Exercise requirements » The expected output is the line with "V dálce svítí (program pro MŠ)" plus all lines after it to the end of the material below, reproduced exactly, with pictures omitted and nothing else included.
** Opening Provided data block **
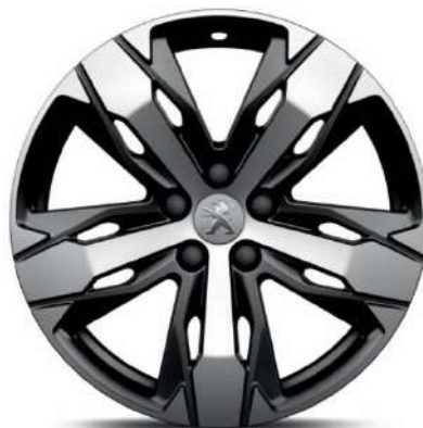
LOS ANGELES 18" Allure Pack/GTT
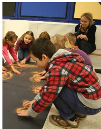
V dálce svítí (program pro MŠ)
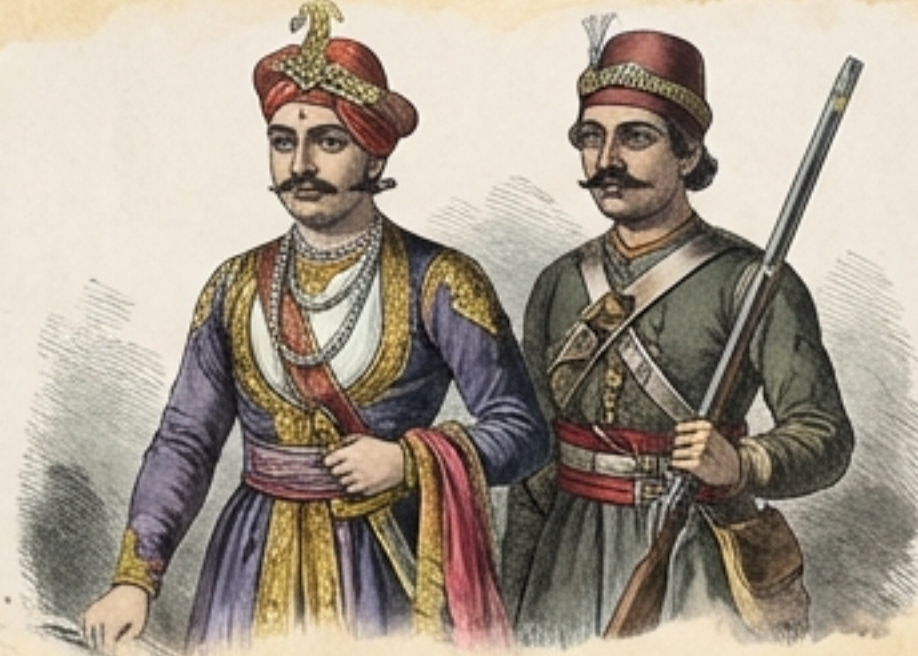
કાનપુર: નાનાસાહેબ પેશ્વા અને તાત્યા ટોપે
** Closing Provided data block **
Answer to this exercise »
V dálce svítí (program pro MŠ)
કાનપુર: નાનાસાહેબ પેશ્વા અને તાત્યા ટોપે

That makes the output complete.